Answer 1: State XXX may de-obligate any unexpended formula funds and replace them with the earmarked or congressionally designated funding, provided that the earmarked or designated funds could not be used on any other project eligible within the description of the earmarked or designated project. The State should provide acceptable documentation to the division office that supports this determination, including confirmation that another eligible project is not available that would satisfy the scope of work as cited in the project description contained in the Authorization or Appropriations Act.
Under 23 CFR 630.110(a), a project agreement should not be modified to replace one Federal fund category with another unless specifically authorized by statute. This regulation reflects the Government Accountability Office's Principles of Federal Appropriations Law (commonly referred to as the Red Book) prohibitions on de-obligating funds solely to free them up for another use. These prohibitions are intended to avoid potential Anti-Deficiency Act issues.
In this instance, the de-obligation would be to fulfill the congressional purpose that funding be directed to the specific project. Failure to obligate earmarked or designated funding would effectively defeat this purpose. By adding the earmarked funding to the project agreement, a corresponding de-obligation of formula funds obligated for the project must be made to reflect eligible Federal-aid costs.
Question 2: What if a portion of the obligated formula funding has been expended?
Answer 2: Converting expended obligations from one funding category to another, including earmarks, is generally not permitted. Specific statutory language is needed before FHWA can approve conversion of previously expended obligations to a new earmark. The language can be specific to a project or a program, such as the Emergency Relief program (23 U.S.C. 125 (c)(2)) or Section 1936 ("Advances") of the Safe, Accountable, Flexible, Efficient Transportation Equity Act: A Legacy for Users (SAFETEA-LU).
For example, unless Congress has provided authorization in statute for replenishment of expended contract authority, State XXX may de-obligate only the unexpended obligation in order to substitute earmarked funds.
If a State anticipates an earmark may be forthcoming, it is always free to pursue an Advanced Construction (AC) authorization. In that case, the State may advance a project consistent with the authority in 23 U.S.C 115 to access earmarked funding that is appropriated after the AC project gets underway.
Question 3: Can a State repay and de-obligate formula funds expended for a project that is subject to Section 1936 of SAFETEA-LU?
Answer 3: Yes. Section 1936 of SAFETEA-LU allows States to obligate and expend formula funding for projects identified in specific sections of SAFTEA-LU. It also provides for the restoration of those formula funds with funds allocated by the specified sections of the Act for costs that were reimbursed after August 10, 2005 (the date SAFETEA-LU was approved).
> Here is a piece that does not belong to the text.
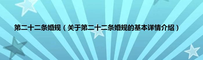 本文关于第二十二条婚规的基本详情介绍就讲解完毕,希望对大家有所帮助。

Congress developed Section 1936 in response to the phased availability of funding for certain programs authorized in SAFETEA-LU. This provision is, again, subject to the condition that the State must provide documentation to the division office demonstrating that the earmarked funds would otherwise not be fully utilized except for this project.
Question 4: What happens to earmarked fund balances not fully utilized because the project was completed and fully reimbursed by FHWA or could not be constructed?
Answer 4: Typically, the authorizing legislation for earmarks provides that funds are available until expended. In such a case, the remaining funds will reside in an unobligated status until either a subsequent project is developed that matches the earmarked project description or Congress enacts legislation affecting the earmark, such as a rescission.